The success of the Australian Government's Energy Efficiency Opportunities Program is a stand out example of the benefits of energy efficiency.
Companies participating in EEO Program have already adopted savings that represent net financial benefits of $810 million per annum.
That is, rather than imposing a huge cost on business, the EEO program has helped businesses save money through energy efficiency.
The EEO program will also achieve abatement equivalent to one and a half per cent of Australia's total greenhouse gas emissions.
Few abatement programs can claim to reduce emissions while reducing costs.
And the Australian Government is looking to further help businesses participating in the EEO program by streamlining the reporting requirements.

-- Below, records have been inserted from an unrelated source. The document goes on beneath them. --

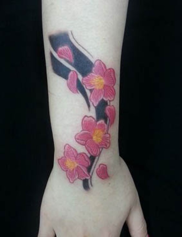 手部个性盛开莲花纹身图片_植物纹身图案大全_纹身图吧
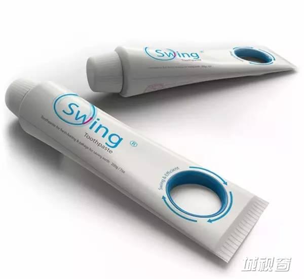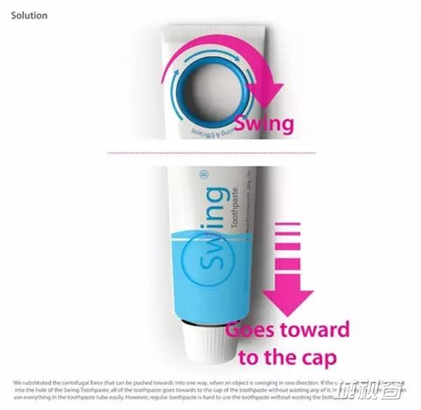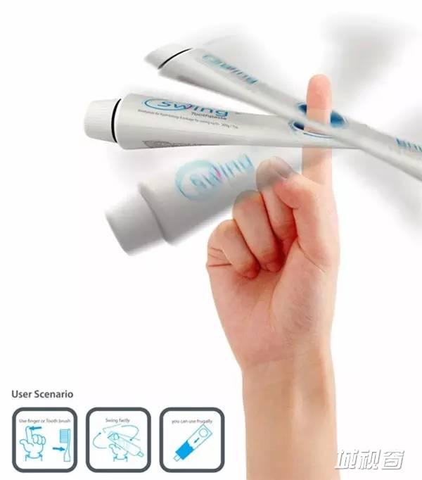 设计师们直接从牙膏包装上着手,在牙膏管末端设置一个旋转圆孔,当你将它挂在手指上旋转时,离心力就会起到挤压作用、推动牙膏往牙膏管口方向移动,让用户在达到目的同时,也享受到乐趣。
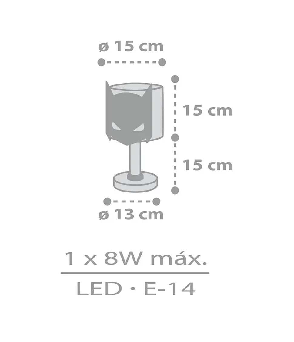 Lampe de table pour enfants Dark Hero. Éveillez votre courage et votre imagination avec ce super-héros et transformez chaque nuit en une aventure épique. Fabriqué avec double écran en polypropylène transparent. Brille dans le noir !
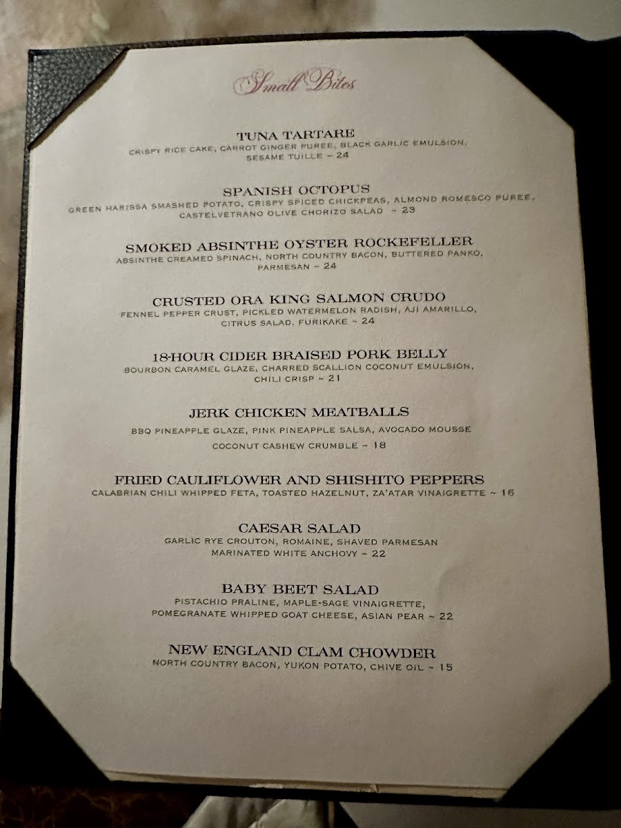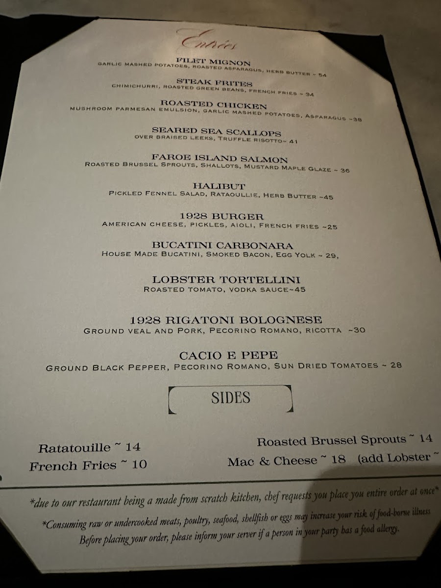 As you delve deeper into the main courses, the Wagyu Entree and Scallops Entree shine, as noted in a guest review that raved about the impeccable freshness and execution, particularly highlighting the scallops as unforgettable. Pair your meal with sides like the decadent 1928 Au Gratin ($12), a sumptuous blend of flavors that elevates the dining experience to delightful heights.
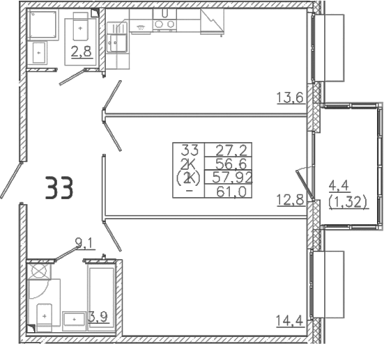 - Комнат: 2-к.кв

In addition to supporting energy efficiency, the Government is committed to funding the development of less mature clean energy technologies.
Through more than $17 billion in assistance, we are positioning Australia as a world leader in the research and development of new renewable and low emission technologies.

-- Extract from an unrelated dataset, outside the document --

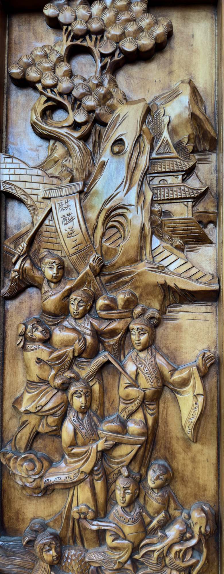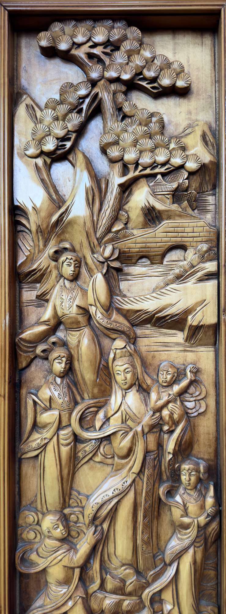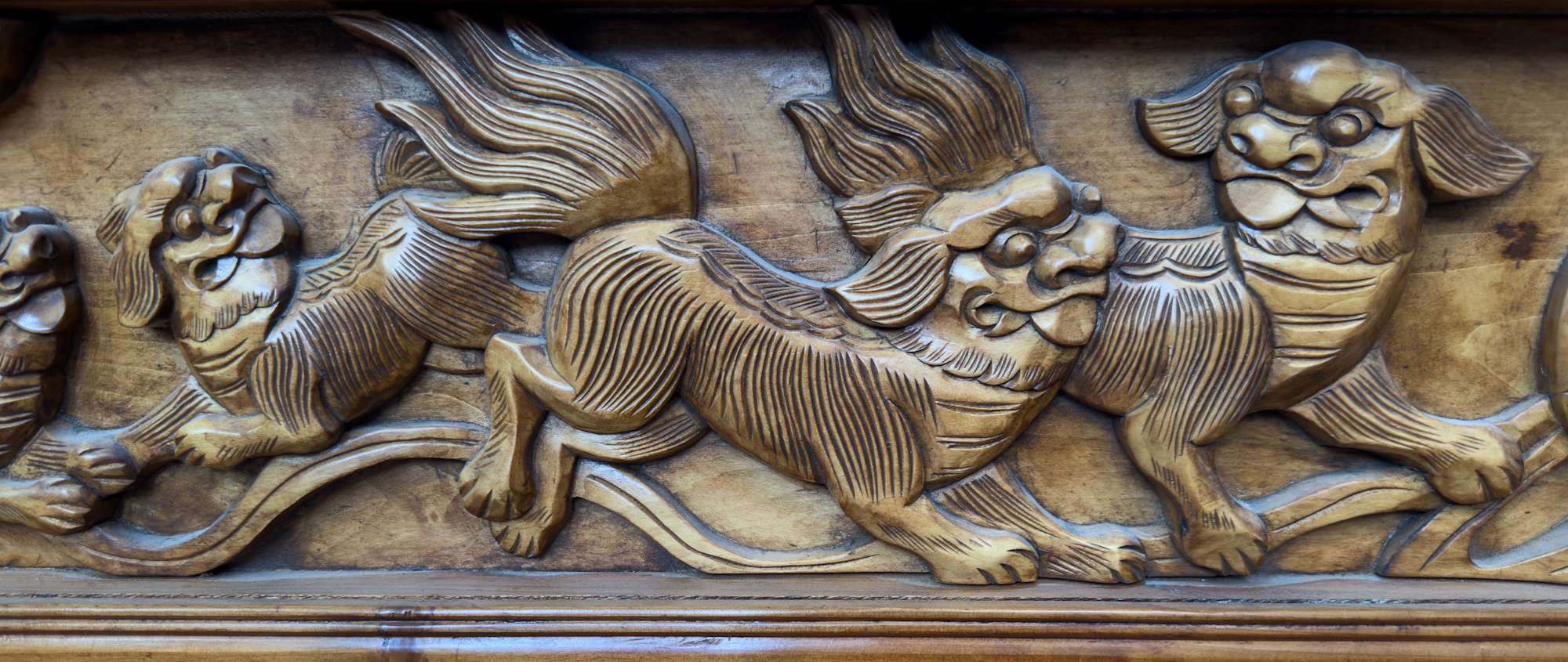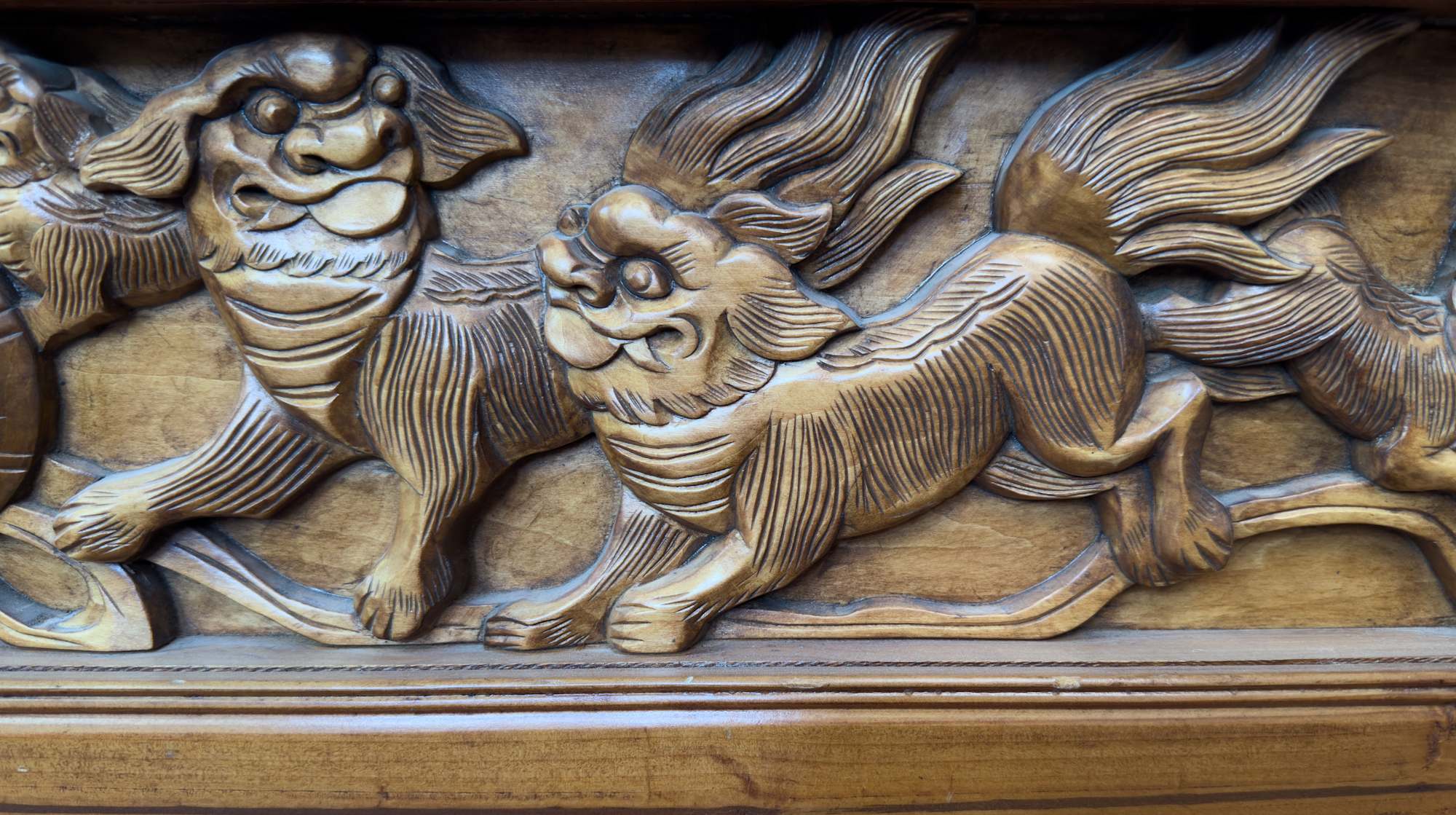 Light wood color, detailed wood carved cabinet, with doors and drawers

The formation of the new Australian Renewable Energy Agency has been central to these efforts.
Earlier this week ARENA released its inaugural funding strategy which paves the way for $2.2 billion in uncommitted funding to improve the competiveness of Australia's renewable energy technologies.
One of the key challenges for ARENA and the Government generally will be to address the obstacles facing first-of-their-kind commercial demonstration projects for solar, geothermal and other technologies.
We will need to take into account the lessons we have learnt to date - and there will undoubtedly be more along the way - to make sure that future support is structured effectively and delivers the greatest possible benefit to Australia.
Turning now to the last of the issues highlighted in the CEDA report - nuclear.
I acknowledge CEDA's support for nuclear energy.
However as the Energy White Paper makes clear, nuclear power is not needed as part of Australia's energy mix, given our country's abundance and diversity of low-cost and reliable energy sources, both fossil fuel and renewable.
Indeed nuclear has never been needed because it has not been economically competitive nor has it had the required community support.
But the community will continue to have these debates, just like we have had a debate over the previous decades about uranium mining.
The Australian Government's responsibility is to test all forms of clean energy and if at some point in the future we don't get the breakthrough on baseload clean energy - Australia will need to think seriously about considering nuclear.
As CEDA's final report recognises managing Australia's energy transformation into the future will not be easy.
We have a growing population, a growing economy and a growing need to reduce our emissions at the same time.
Thankfully, we also have a growing range of energy options such as renewables and unconventional gas available to us.
And the market based policy settings of the Energy White Paper are designed to help Australia maximise the benefits of our natural resource endowment.
I'd like to thank CEDA again for their ongoing commitment to a high quality policy debate here in Australia.
Together our two documents help lay the foundations-it's now time to begin building consensus.